• [What is being asked] Transcribe every line from the one containing "- 営業キャッシュフロー:黒字に転換(+0.9億円)" through the end of the records below, exactly, but not the pictures.

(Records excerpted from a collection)
• • • • •

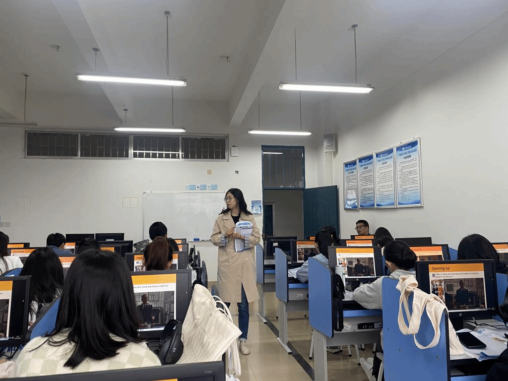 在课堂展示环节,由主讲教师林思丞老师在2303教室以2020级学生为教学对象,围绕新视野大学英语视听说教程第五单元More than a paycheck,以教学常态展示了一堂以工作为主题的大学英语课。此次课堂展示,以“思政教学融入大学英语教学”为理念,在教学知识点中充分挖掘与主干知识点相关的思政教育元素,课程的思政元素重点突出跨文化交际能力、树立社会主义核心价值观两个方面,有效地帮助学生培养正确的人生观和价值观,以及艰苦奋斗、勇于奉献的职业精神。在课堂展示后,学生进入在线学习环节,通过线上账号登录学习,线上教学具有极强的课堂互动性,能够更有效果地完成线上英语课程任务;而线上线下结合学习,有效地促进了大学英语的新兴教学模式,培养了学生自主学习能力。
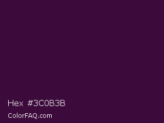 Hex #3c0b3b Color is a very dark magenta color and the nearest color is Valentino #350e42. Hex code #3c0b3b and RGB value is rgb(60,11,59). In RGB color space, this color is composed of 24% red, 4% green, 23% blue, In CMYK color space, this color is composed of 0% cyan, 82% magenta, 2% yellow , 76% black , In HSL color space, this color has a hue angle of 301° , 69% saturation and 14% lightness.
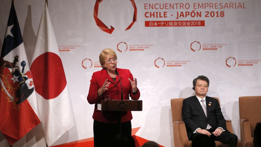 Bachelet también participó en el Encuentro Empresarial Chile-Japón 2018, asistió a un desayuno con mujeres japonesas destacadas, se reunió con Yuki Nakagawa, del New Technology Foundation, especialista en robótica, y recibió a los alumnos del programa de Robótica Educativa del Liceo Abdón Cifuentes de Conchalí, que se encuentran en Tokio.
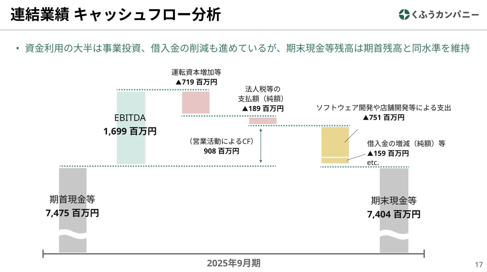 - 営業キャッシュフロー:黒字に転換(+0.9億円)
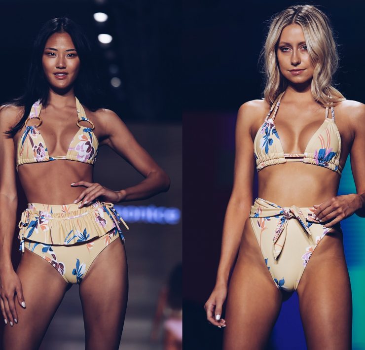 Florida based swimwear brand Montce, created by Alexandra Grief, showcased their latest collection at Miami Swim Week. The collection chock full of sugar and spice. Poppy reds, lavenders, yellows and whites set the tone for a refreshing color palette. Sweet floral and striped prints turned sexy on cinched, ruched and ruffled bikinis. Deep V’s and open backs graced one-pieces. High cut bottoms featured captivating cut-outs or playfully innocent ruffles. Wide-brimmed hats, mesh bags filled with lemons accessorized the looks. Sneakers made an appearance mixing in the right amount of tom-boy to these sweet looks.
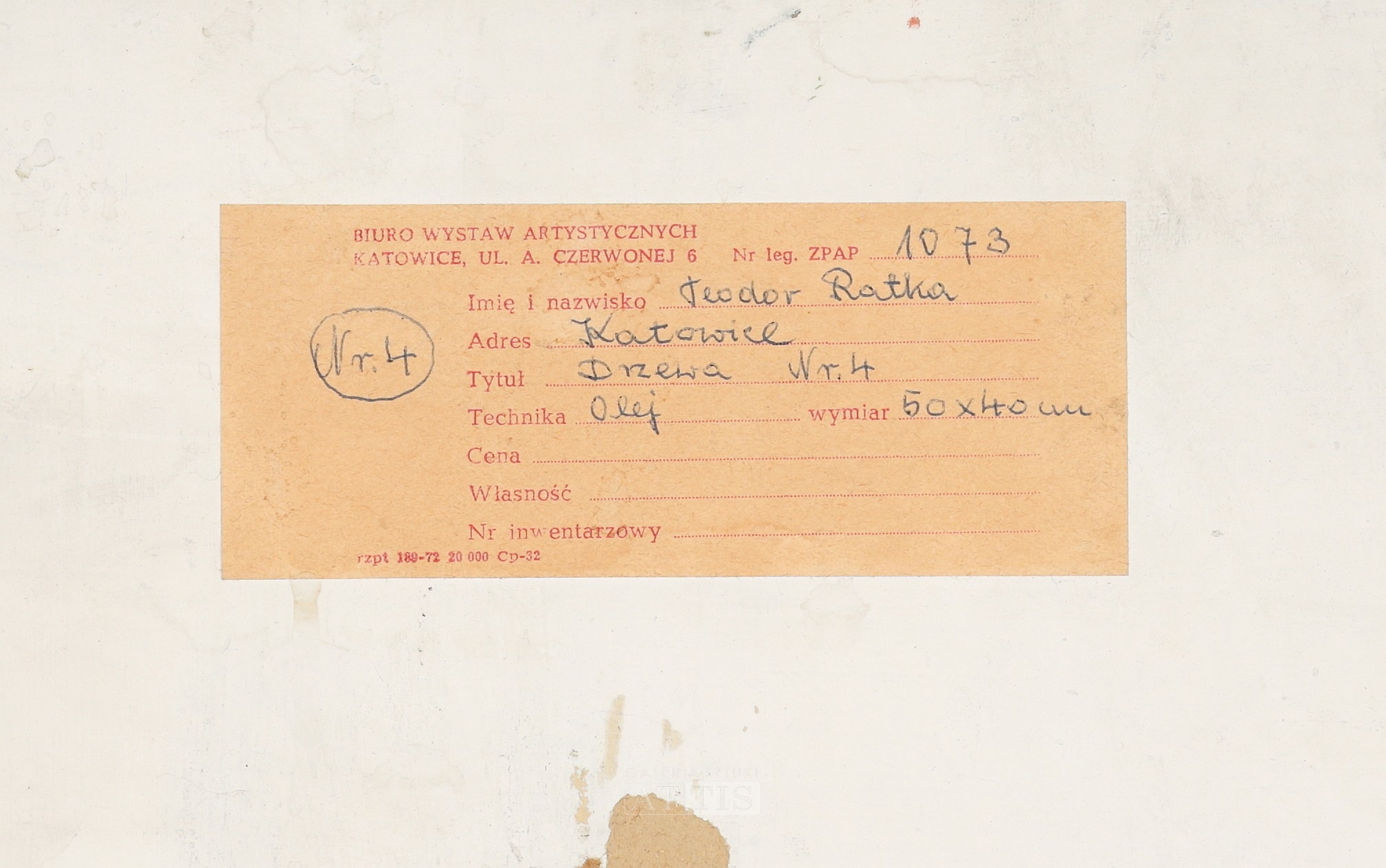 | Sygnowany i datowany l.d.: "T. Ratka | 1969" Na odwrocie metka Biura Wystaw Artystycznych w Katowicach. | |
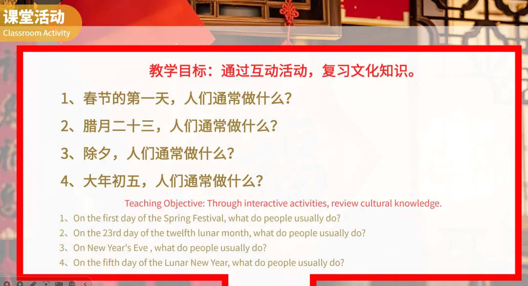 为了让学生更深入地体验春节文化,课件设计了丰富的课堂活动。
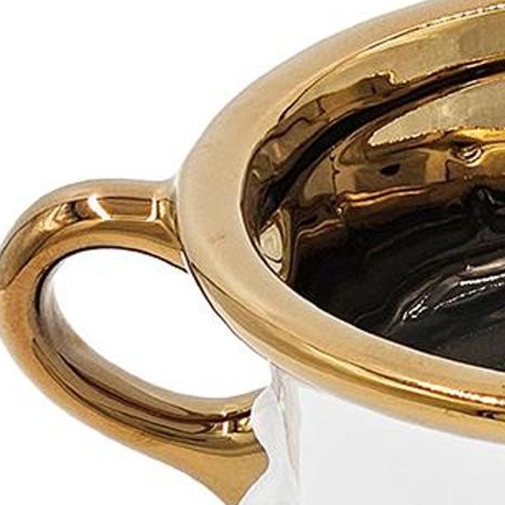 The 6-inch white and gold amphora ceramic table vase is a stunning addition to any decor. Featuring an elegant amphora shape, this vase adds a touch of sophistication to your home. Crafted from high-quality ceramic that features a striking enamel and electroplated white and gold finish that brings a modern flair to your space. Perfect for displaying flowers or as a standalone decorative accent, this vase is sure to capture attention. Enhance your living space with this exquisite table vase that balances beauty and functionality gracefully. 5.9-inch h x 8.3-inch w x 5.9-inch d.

• • • • •

• [Task result]
 - 営業キャッシュフロー:黒字に転換(+0.9億円)
 Florida based swimwear brand Montce, created by Alexandra Grief, showcased their latest collection at Miami Swim Week. The collection chock full of sugar and spice. Poppy reds, lavenders, yellows and whites set the tone for a refreshing color palette. Sweet floral and striped prints turned sexy on cinched, ruched and ruffled bikinis. Deep V’s and open backs graced one-pieces. High cut bottoms featured captivating cut-outs or playfully innocent ruffles. Wide-brimmed hats, mesh bags filled with lemons accessorized the looks. Sneakers made an appearance mixing in the right amount of tom-boy to these sweet looks.
 | Sygnowany i datowany l.d.: "T. Ratka | 1969" Na odwrocie metka Biura Wystaw Artystycznych w Katowicach. | |
 为了让学生更深入地体验春节文化,课件设计了丰富的课堂活动。
 The 6-inch white and gold amphora ceramic table vase is a stunning addition to any decor. Featuring an elegant amphora shape, this vase adds a touch of sophistication to your home. Crafted from high-quality ceramic that features a striking enamel and electroplated white and gold finish that brings a modern flair to your space. Perfect for displaying flowers or as a standalone decorative accent, this vase is sure to capture attention. Enhance your living space with this exquisite table vase that balances beauty and functionality gracefully. 5.9-inch h x 8.3-inch w x 5.9-inch d.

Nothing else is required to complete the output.